Friday 7 August 2020

Peak Bean

They also serve [dinner] who only stand and wait. At the end of April I planted out a few handfuls of haricot beans saved from last year, which sprouted on All Fool's Day. Back then, we were scavenging wild garlic for our ration-of-greens and still anticipating a last late frost. The frost came in May and scythed through the outdoor kitchen gardens of many of our friends-and-neighbours <shakes defiant fist at the sky-gods>. But our beans were cosy-up in the polytunnel and starting to need string and stakes. We are now at peak bean and I am on my knees and up a ladder every tuthree days picking the harvest. At the beginning of last week I picked two canvas bags full: the choicest 3 lbs [=450g, garden produce is packed Old Style] we sent to our neighbours and I chopped and blanched the lumpier lads for the freezer [4 x 300g packed in oval soup-tubs]; and I made three meals out of that harvest.  Then on Saturday I went at it again:
I include a tea-pot for scale. On Sunday, I was up the ladder again because the weight of foliage (and more beans) had broken one of the supporting strings and I had to jury-rig some more rigging. This variety of bean will happily grow to 4.5m (the height of the polytunnel) if string and sticks are set for support. We now have a wall of beans . . . for nothing. The peas which we bought in a garden centre for ready money have been pathetic. It would have been far better to invest in Cap'n Birdeye's frozen peas and leave room in the garden for anything else.

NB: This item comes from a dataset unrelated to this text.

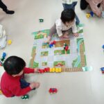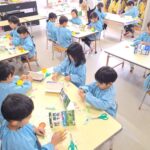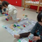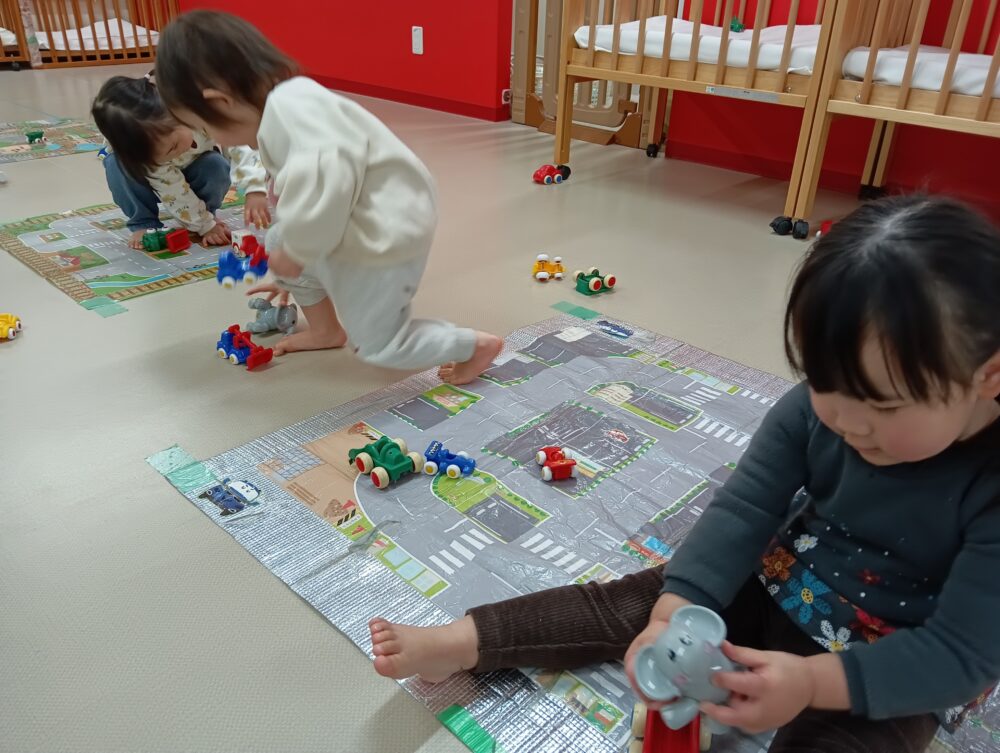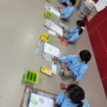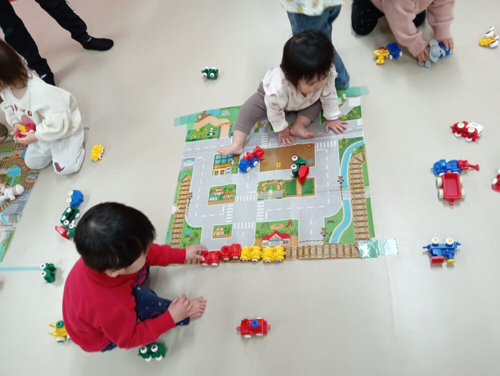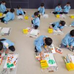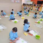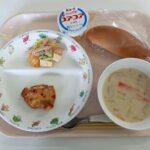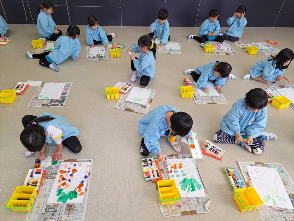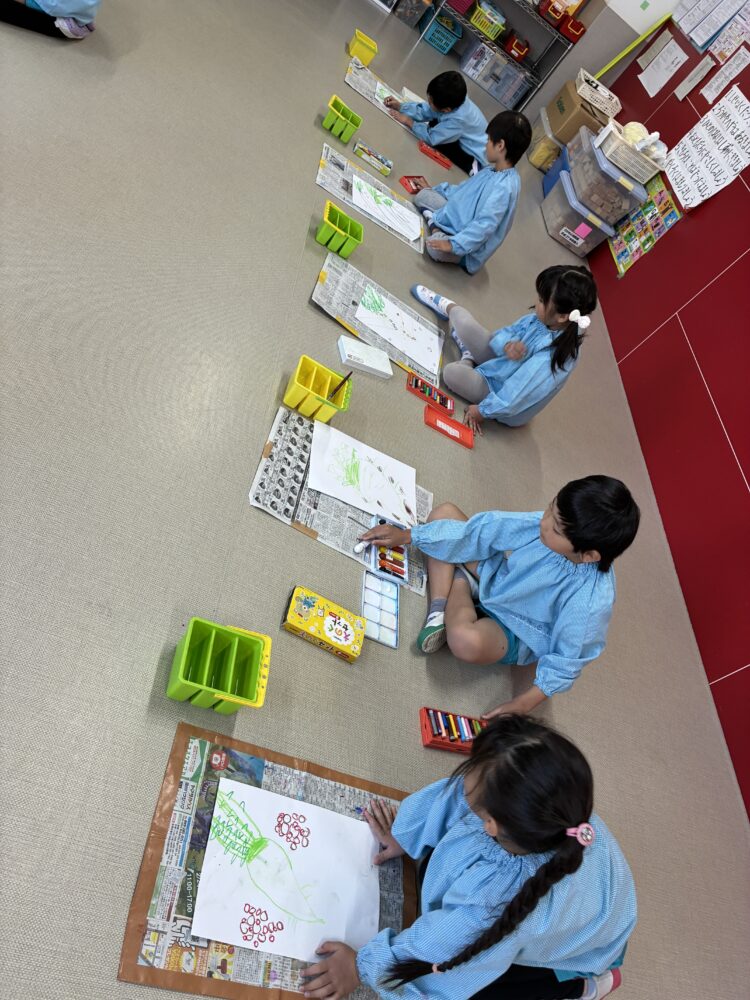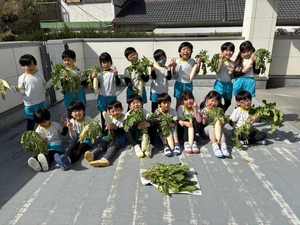 2026年 2月 19日(木曜日) 2月19日(木) 絵画教室(題材 大根) ひよこ組・ひな祭り製作(3歳児) デジタルタイム・大根収穫(5歳児)・マラソン(2歳児) 給食(コッペパン・照り焼きチキン・マカロニサラダ・豆乳スープ・コアコア)

At the beginning of May, as an experiment, I planted the sprouty end of two potatoes into a couple of feed-sacks half full of compost and filled the bags up with straw as a mulch. The results [R with a tea-spoon for scale, is the harvest from one half potato and 13 weeks of time] are better than peas, much worse than beans. 10 potatoes mostly tiny is a meal for two. I think I'll try that again next year though. It's like no-dig [=lazy-arse] spuds where you lay out the potatoes on any convenient patch of ground and cover them with a generous layer of straw. We've tried that in prior years, without a great deal of success. I think that paper spud-sacks are better than plastic fertiliser sacks with holes cut in the bottom. I can imagine it getting really sweaty and mycelial inside an air-tight plastic sack even if the top is open. But do not <spill alert> at any stage, attempt to move paper sacks filled with damp compost. Note to self :try both next year.